An investment trust has a fixed number of shares to buy (a closed-end fund), and fund managers do not have to buy and sell shares to meet demand. This gives the fund manager more control as they can buy and sell when they believe the time is right.
Borrowing power
By borrowing money (a process known as ‘gearing’), investment trusts can potentially boost returns, though it can also magnify losses as interest rates rise.
Trust structure
The value of your investment is based on the share price of the investment trust, not necessarily the value of the underlying assets.
Depending on these factors, an investment trust’s share price could trade above the underlying value of the portfolio (at a premium), or below the underlying value of the portfolio (at a discount).
Unfortunately, some of the advantages of the investment trust structure can work in reverse.
A year to forget
Last year was a tough one for investment trusts. The average trust shouldered a double-digit discount – the first time this has happened since the global financial crisis.
Of the 392 trusts listed on the Association of Investment Companies website, around 220 lost money. In around a quarter of those cases, however, the trust’s share price has fallen despite its manager achieving growth in the value of its underlying investments.
Investment trusts are also grappling with some structural issues. A consolidating wealth management industry increasingly favours bigger, more liquid trusts, at the expense of the smaller players in the sector.
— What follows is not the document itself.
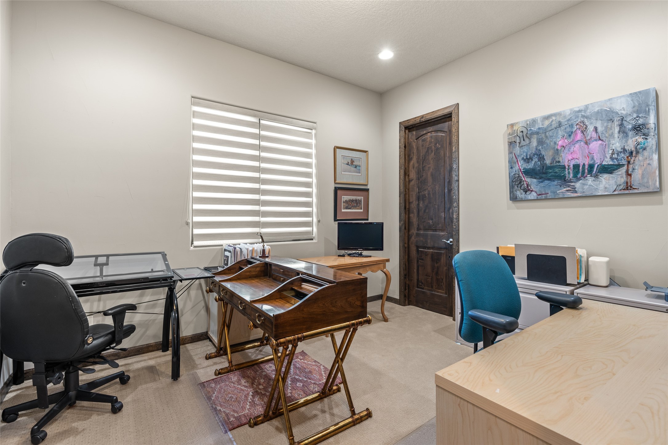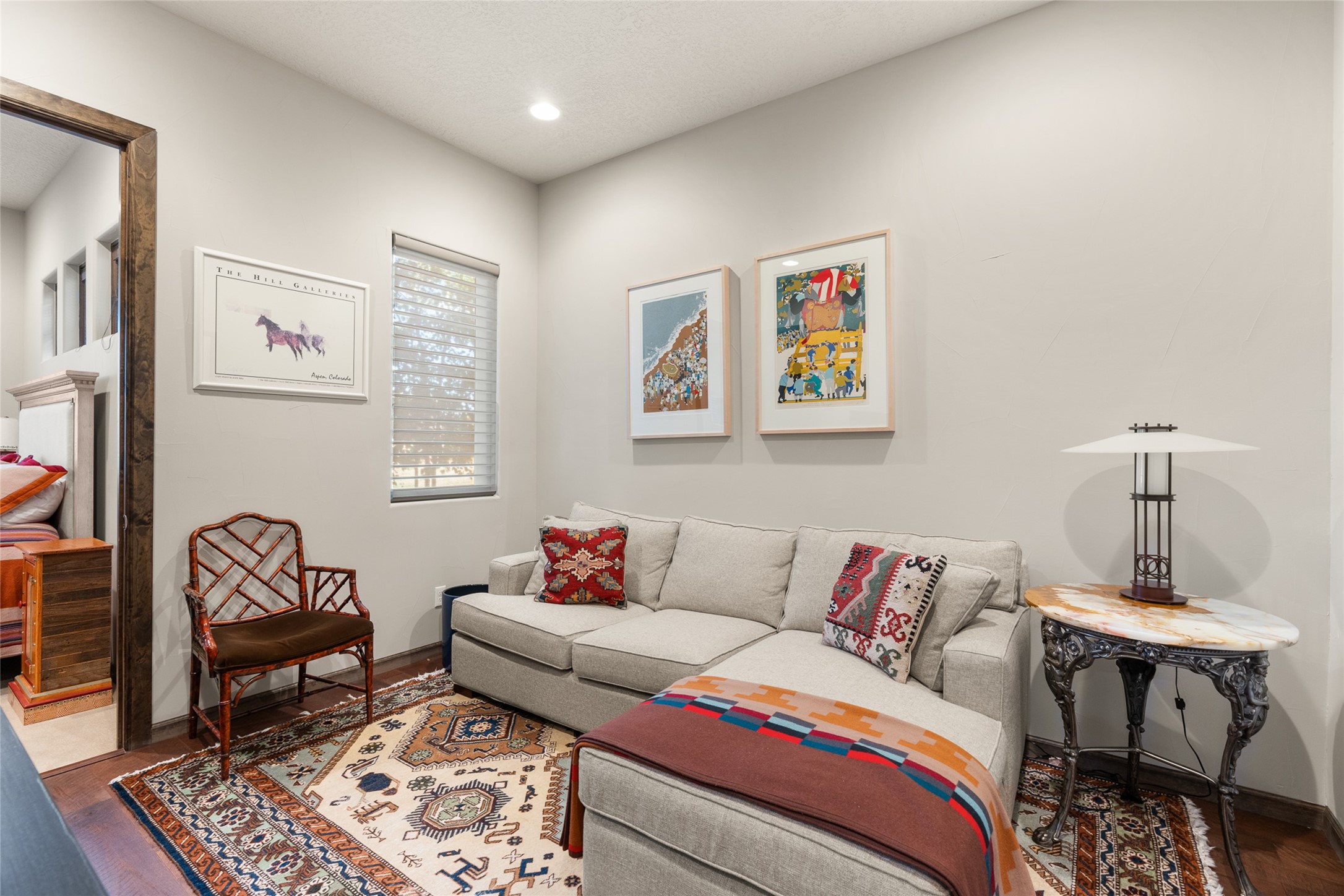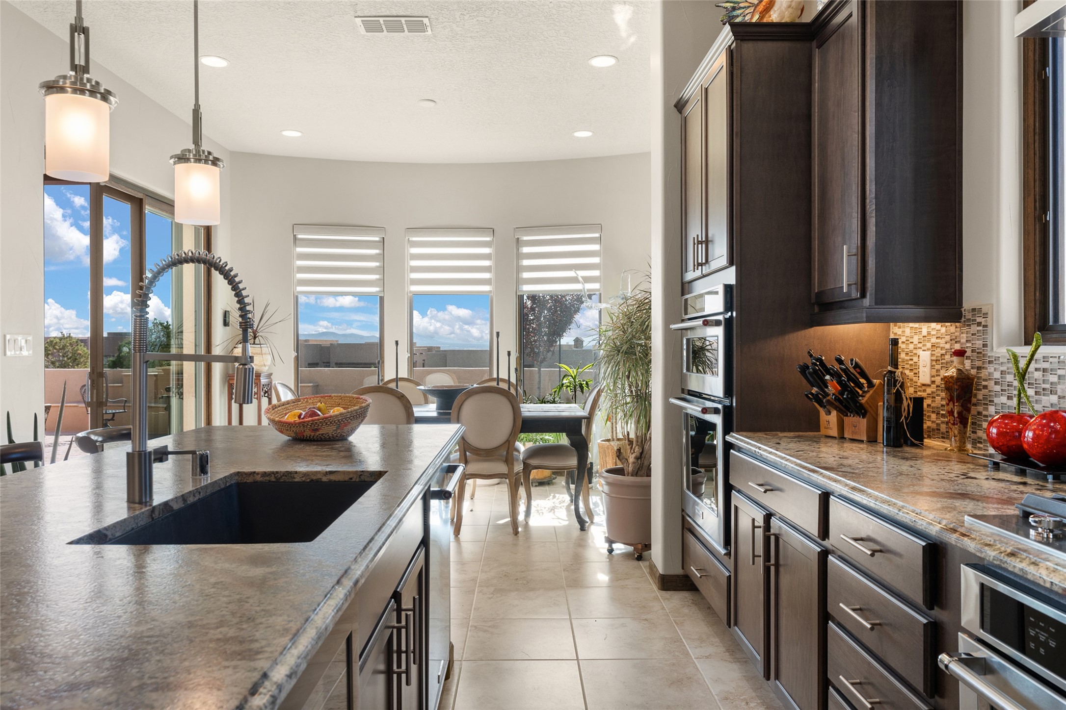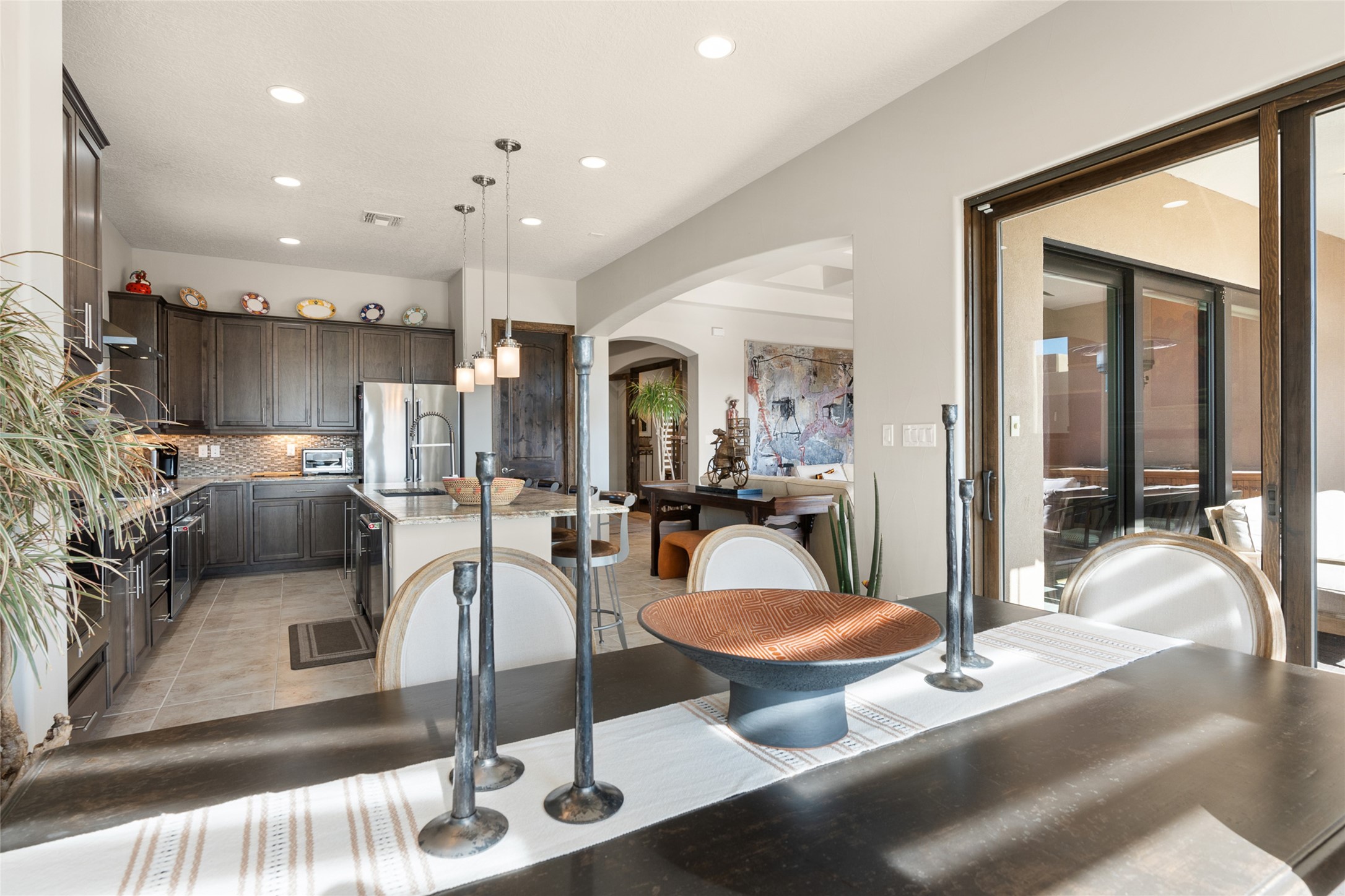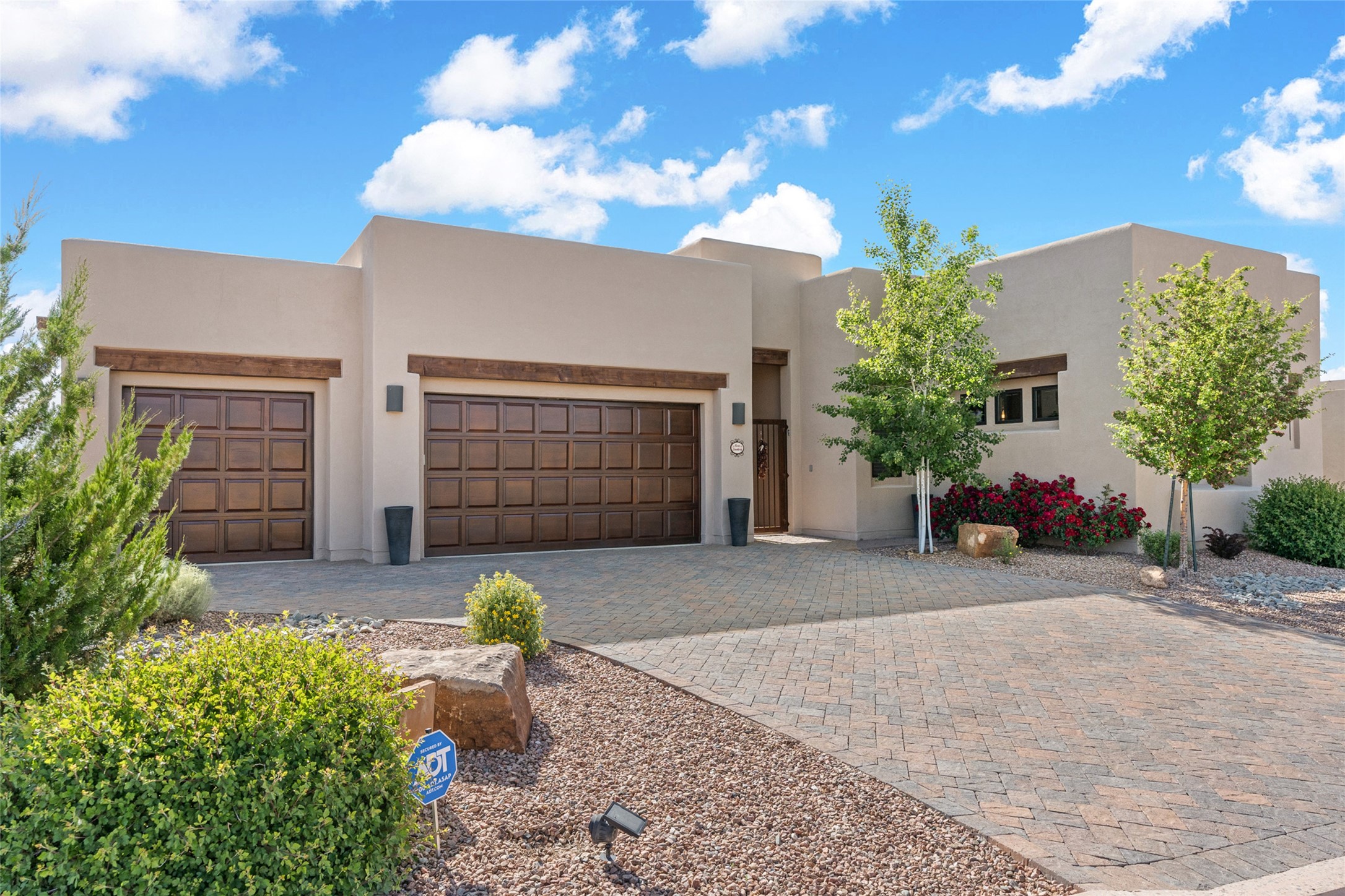 Ravishing sunsets & Jemez Mountain vistas from this stunning four-bedroom Las Campanas residence in the Las Terrazas enclave. The open concept design features a spacious living room with soaring 12' ceiling and a linear gas fireplace, and a lovely separate dining area. An excellent chef's kitchen is anchored by a huge island with breakfast bar. Kitchen countertops are a rich leathered granite, and the deep walk-in pantry offers superb storage. The split floor plan provides the outstanding primary suite blissful privacy & exquisite views. A separate guest wing boasts two bedrooms - one currently used as an office - plus a divine suite with private sitting room & bath. Tall French doors open to the handsome media room/study with entertainment center accessed off the dramatic entry hallway. The enchanting walled terrace with its wood-burning fireplace and care-free landscaped gardens on drip irrigation, is ideal for al fresco dining, entertaining and quiet relaxation. Its deep living/dining portal includes a remote screen for ease of use. Other significant improvements and upgrades include custom window treatments throughout, remote living room shades, custom fitted closets, whole house on-demand hot water, and upscale wall finishes throughout. The direct entry three-car garage has a wall to enable one bay to be used as a studio, gym, etc. if desired. This impeccable home is conveniently located near the Las Campanas Clubhouse & Spa. Through the HOA, homeowners enjoy 24-hour security, (both gate and roving patrol), 24-hour paramedics, front & side yard landscape maintenance, and vacation watch when away. Purchase of Membership to The Club is required to use Las Campanas amenities, including Club restaurants, fitness center, pools, beauty treatments, tennis, pickle ball and horse facilities. Information for Club golf membership application for use of the two Jack Nicklaus Signature courses may be obtained from Isabel Chavarria, Director of Membership Development.

Discounts persist – but so do opportunities
Rising interest rates in the sector has led investors to ask for higher returns and dividends than have been incorporated in the asset values of the funds, which has contributed to the emergence of sector share price discounts. However, we view this as a substantial long-term opportunity.
Despite the negative sentiment and difficult backdrop, earnings and revenue growth are generally remaining resilient in underlying portfolios.
Trusts on the path to net zero
Climate change is showing signs of accelerating and demand for portfolios of existing cash-generating renewable and infrastructure assets is likely to remain robust.